• PROBLEM REQUIREMENTS: Find the line with "years, Year Two." in the entries below, then output every line from it down to the line with "Seifenschale Ava aus", exactly and with no pictures.

• RECORD EXCERPTS:
BEGIN
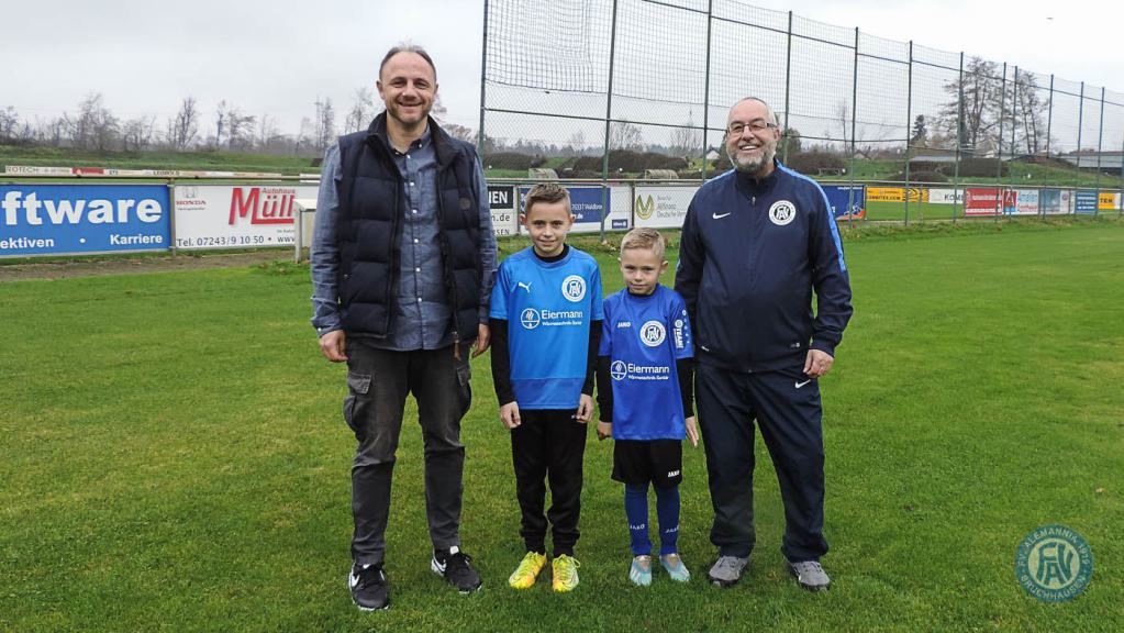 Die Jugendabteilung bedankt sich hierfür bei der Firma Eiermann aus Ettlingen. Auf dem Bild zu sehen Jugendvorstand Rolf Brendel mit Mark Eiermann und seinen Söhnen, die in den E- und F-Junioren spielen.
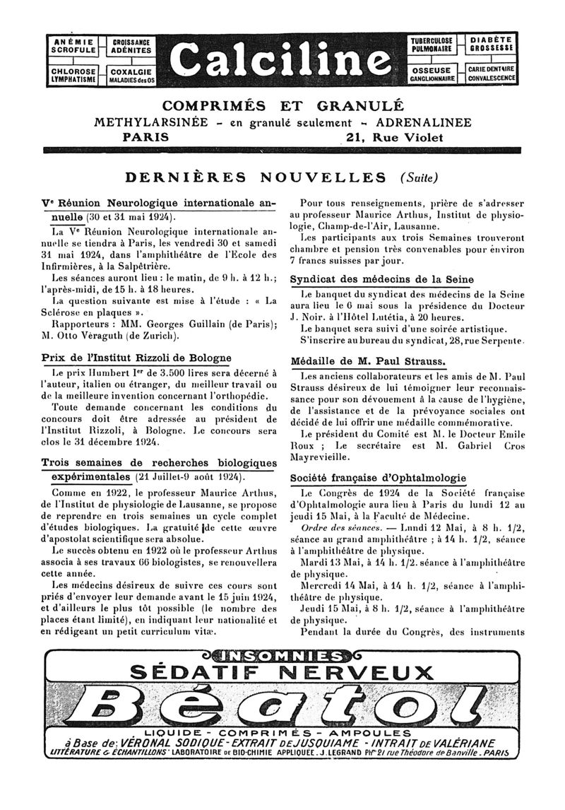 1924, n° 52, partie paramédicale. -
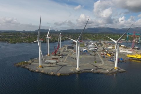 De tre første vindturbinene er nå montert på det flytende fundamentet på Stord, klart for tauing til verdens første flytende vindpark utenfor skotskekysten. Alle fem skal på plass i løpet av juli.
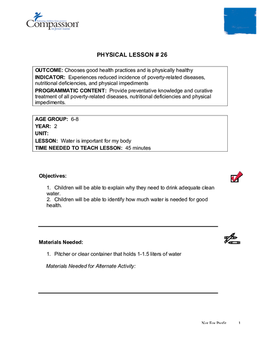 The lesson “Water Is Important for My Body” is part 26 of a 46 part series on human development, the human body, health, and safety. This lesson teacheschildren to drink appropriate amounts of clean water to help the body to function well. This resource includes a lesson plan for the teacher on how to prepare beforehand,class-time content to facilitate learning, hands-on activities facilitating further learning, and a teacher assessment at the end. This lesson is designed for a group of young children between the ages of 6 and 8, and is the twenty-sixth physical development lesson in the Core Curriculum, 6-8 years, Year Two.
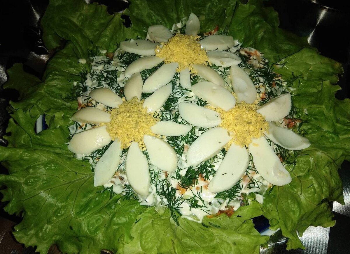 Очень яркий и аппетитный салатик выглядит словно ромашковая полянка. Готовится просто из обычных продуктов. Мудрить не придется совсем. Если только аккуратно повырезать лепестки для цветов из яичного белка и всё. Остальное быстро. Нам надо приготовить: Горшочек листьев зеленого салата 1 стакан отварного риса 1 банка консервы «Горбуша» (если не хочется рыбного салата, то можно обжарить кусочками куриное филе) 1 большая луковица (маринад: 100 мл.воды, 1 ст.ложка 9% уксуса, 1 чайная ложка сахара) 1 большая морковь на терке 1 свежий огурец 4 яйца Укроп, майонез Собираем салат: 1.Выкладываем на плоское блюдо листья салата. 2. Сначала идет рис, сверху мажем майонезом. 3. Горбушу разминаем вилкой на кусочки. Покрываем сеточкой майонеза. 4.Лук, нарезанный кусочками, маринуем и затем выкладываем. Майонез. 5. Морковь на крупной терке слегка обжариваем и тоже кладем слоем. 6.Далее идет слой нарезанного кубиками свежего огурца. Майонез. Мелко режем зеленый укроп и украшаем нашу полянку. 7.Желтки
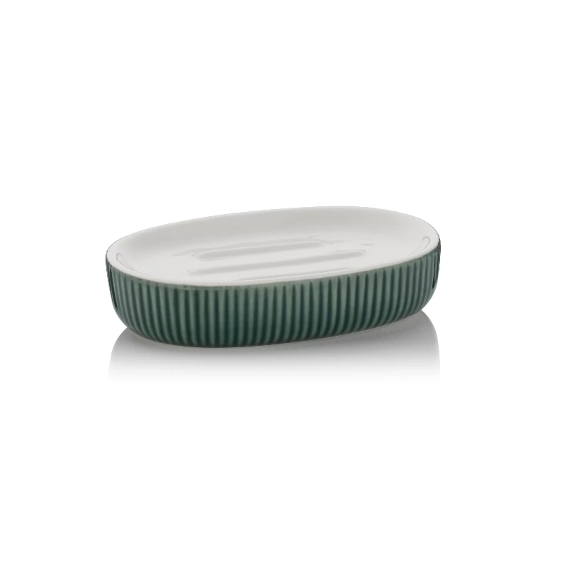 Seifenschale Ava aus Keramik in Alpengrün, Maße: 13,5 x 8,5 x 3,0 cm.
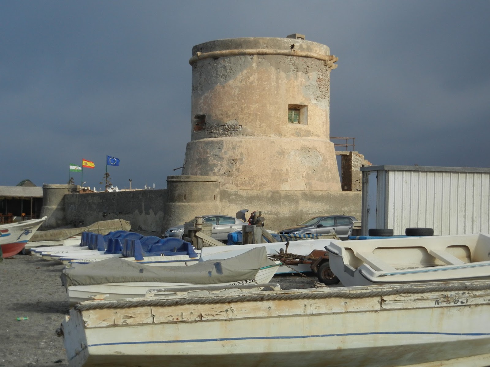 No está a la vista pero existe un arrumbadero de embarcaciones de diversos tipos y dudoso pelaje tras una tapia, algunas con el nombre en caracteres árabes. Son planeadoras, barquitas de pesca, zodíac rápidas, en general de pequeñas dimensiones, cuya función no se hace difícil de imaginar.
END
BEGIN
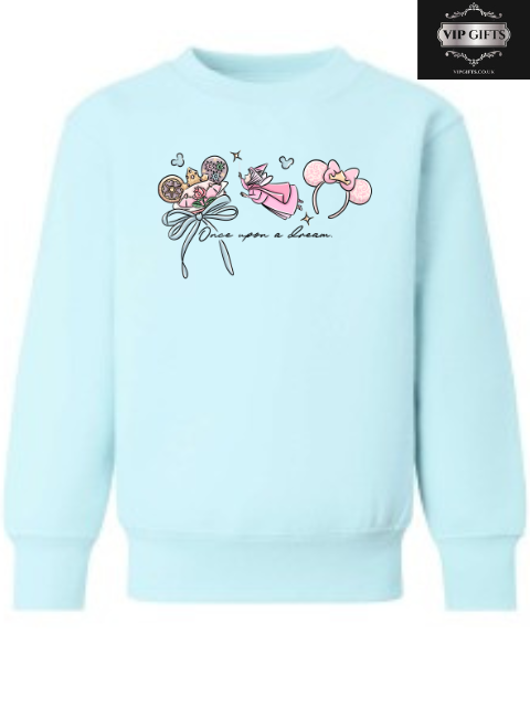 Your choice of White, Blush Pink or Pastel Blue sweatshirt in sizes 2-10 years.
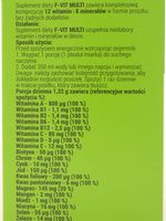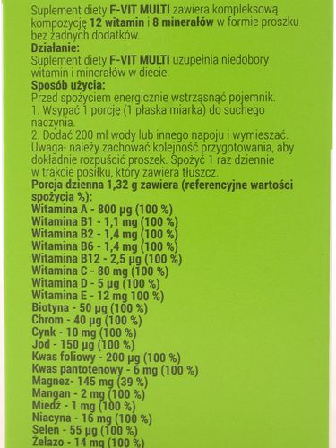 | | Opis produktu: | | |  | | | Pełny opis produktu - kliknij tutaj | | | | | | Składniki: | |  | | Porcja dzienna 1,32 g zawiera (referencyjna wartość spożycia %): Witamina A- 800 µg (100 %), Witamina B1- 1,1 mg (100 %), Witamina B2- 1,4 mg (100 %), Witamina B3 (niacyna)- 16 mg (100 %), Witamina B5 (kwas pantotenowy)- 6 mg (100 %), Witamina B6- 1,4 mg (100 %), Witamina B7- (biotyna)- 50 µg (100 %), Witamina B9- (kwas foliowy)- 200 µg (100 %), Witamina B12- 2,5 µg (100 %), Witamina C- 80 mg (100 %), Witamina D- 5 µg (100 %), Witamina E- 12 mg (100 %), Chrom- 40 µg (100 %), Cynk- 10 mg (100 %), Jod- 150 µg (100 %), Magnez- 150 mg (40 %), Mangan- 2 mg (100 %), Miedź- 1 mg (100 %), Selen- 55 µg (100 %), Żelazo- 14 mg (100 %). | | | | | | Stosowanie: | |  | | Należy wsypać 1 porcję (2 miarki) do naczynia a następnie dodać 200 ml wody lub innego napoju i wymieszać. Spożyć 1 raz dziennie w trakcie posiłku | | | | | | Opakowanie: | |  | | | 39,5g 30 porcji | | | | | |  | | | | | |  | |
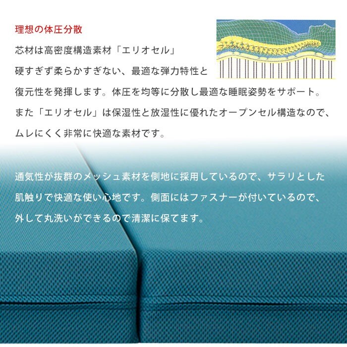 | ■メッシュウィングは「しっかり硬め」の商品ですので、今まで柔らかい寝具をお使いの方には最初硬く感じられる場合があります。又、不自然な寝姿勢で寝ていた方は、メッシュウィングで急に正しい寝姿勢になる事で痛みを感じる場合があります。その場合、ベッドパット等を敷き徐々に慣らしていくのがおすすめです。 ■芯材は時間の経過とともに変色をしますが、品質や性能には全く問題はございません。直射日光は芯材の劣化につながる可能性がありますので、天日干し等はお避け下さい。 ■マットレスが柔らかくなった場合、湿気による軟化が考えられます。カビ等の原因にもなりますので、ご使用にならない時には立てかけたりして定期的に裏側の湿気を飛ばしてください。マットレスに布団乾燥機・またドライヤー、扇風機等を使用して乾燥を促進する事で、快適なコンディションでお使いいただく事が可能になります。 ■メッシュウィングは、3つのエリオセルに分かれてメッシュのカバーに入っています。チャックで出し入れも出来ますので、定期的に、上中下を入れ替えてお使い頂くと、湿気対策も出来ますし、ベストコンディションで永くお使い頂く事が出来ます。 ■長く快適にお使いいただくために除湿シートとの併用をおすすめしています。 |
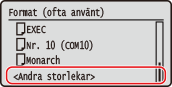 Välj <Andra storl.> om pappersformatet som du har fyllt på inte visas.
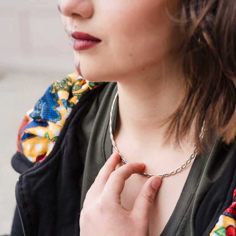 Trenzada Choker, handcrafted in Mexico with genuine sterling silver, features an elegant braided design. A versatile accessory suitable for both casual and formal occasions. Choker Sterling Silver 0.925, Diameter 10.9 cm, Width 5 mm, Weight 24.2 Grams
END
BEGIN
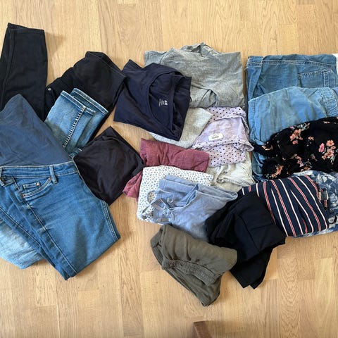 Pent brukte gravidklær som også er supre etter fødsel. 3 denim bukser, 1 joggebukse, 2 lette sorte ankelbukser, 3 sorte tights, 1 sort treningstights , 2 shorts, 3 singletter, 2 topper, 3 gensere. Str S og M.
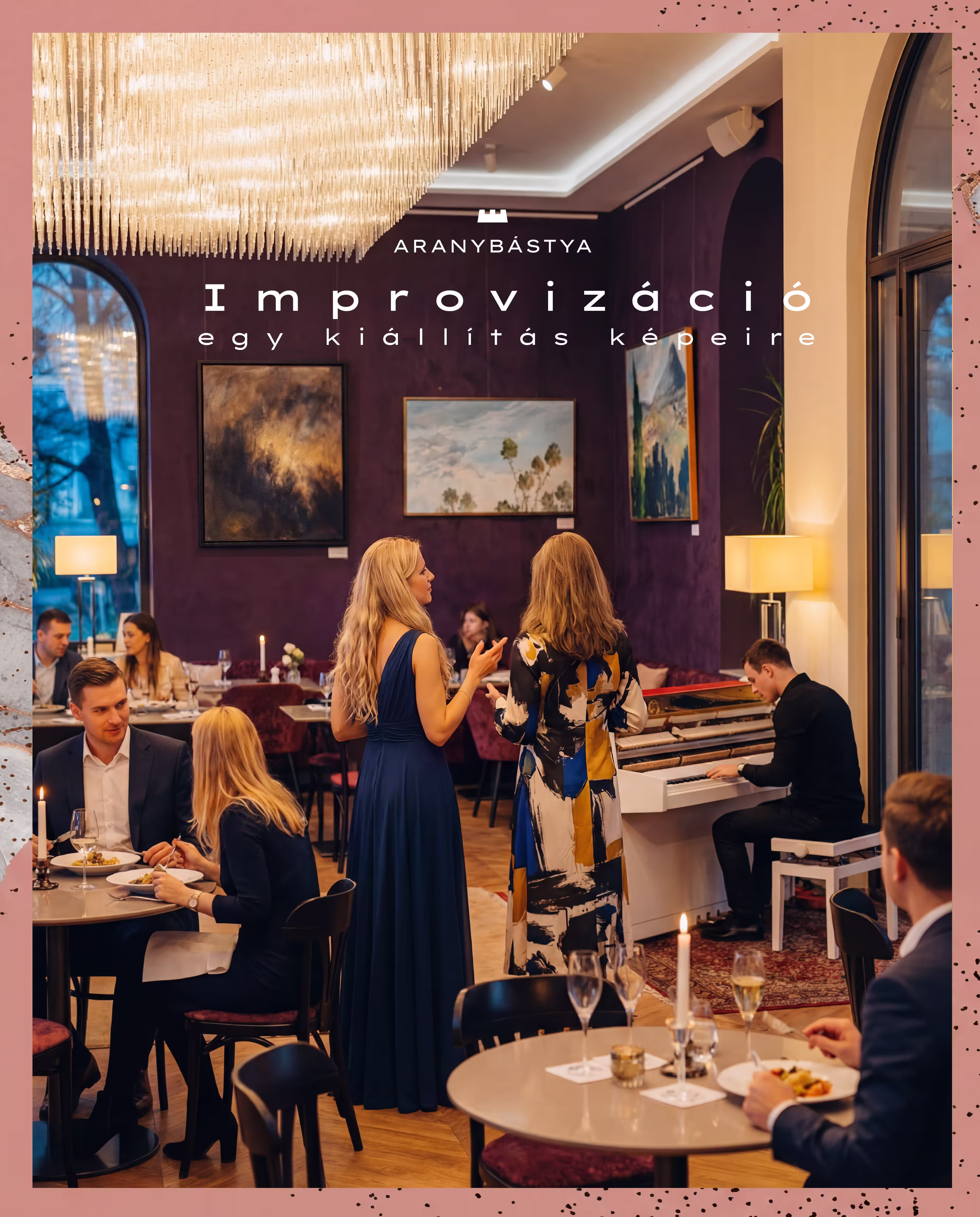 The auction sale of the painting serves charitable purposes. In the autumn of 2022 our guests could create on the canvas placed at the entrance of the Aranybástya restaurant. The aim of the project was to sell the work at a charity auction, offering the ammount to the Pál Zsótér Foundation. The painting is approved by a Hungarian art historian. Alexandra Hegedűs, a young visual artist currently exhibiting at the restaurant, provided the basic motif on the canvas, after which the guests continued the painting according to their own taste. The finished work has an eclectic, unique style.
END
• OUTPUT FOR THIS EXERCISE:
 The lesson “Water Is Important for My Body” is part 26 of a 46 part series on human development, the human body, health, and safety. This lesson teacheschildren to drink appropriate amounts of clean water to help the body to function well. This resource includes a lesson plan for the teacher on how to prepare beforehand,class-time content to facilitate learning, hands-on activities facilitating further learning, and a teacher assessment at the end. This lesson is designed for a group of young children between the ages of 6 and 8, and is the twenty-sixth physical development lesson in the Core Curriculum, 6-8 years, Year Two.
 Очень яркий и аппетитный салатик выглядит словно ромашковая полянка. Готовится просто из обычных продуктов. Мудрить не придется совсем. Если только аккуратно повырезать лепестки для цветов из яичного белка и всё. Остальное быстро. Нам надо приготовить: Горшочек листьев зеленого салата 1 стакан отварного риса 1 банка консервы «Горбуша» (если не хочется рыбного салата, то можно обжарить кусочками куриное филе) 1 большая луковица (маринад: 100 мл.воды, 1 ст.ложка 9% уксуса, 1 чайная ложка сахара) 1 большая морковь на терке 1 свежий огурец 4 яйца Укроп, майонез Собираем салат: 1.Выкладываем на плоское блюдо листья салата. 2. Сначала идет рис, сверху мажем майонезом. 3. Горбушу разминаем вилкой на кусочки. Покрываем сеточкой майонеза. 4.Лук, нарезанный кусочками, маринуем и затем выкладываем. Майонез. 5. Морковь на крупной терке слегка обжариваем и тоже кладем слоем. 6.Далее идет слой нарезанного кубиками свежего огурца. Майонез. Мелко режем зеленый укроп и украшаем нашу полянку. 7.Желтки
 Seifenschale Ava aus Keramik in Alpengrün, Maße: 13,5 x 8,5 x 3,0 cm.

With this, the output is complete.